8. The method according to claim 7, characterized in that The calculation formula for the daily electricity profit and loss is: Among them, the calculation formula for daily time-sharing profit is: profit=-(P 日前 -P 实时 )*(Q 日前 -Q 实际 ) In the above formula, p_kwh is the daily electricity loss and profit, P 日前 is the day-ahead price, P 实时 is the real-time price, Q 日前 is the current winning bid quantity, Q 实际 The actual power consumption.

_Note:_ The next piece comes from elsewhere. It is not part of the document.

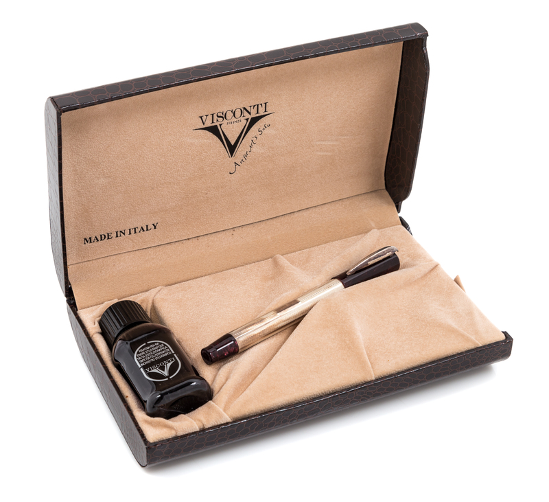 having a medium nib with a black-ink bottle and a factory original box and display case.

9. A system for generating a day-ahead declaration strategy, characterized in that: A method for generating a day-ahead declaration strategy according to any one of claims 1 to 8 can be implemented, the system comprising: An acquisition module, used to acquire training data, wherein the training data includes day-ahead price, day-ahead new energy forecast data and day-ahead real-time price difference; A binning module, used for performing equal-width division on the day-ahead new energy forecast data in the training data, and dividing the training data into a plurality of bins according to the result of the equal-width division; A generation module is used to determine the target bin where the new energy forecast data of the target day is located, and generate the target price difference and target price of the target day according to the real-time price difference and the price of the target bin; A declaration module is used to generate a declaration volume coefficient according to the target price difference; to generate a declaration price according to the target price, the target price difference and the predicted price of the target day; and to generate a declaration strategy based on the declaration volume coefficient, the declaration price and the predicted electricity consumption of the target day.
10. A computer device, characterized in that: include: A memory and a processor, wherein the memory and the processor are connected to communicate with each other, the memory stores computer instructions, and the processor executes the method for generating a day-ahead declaration strategy according to any one of claims 1 to 7 by executing the computer instructions.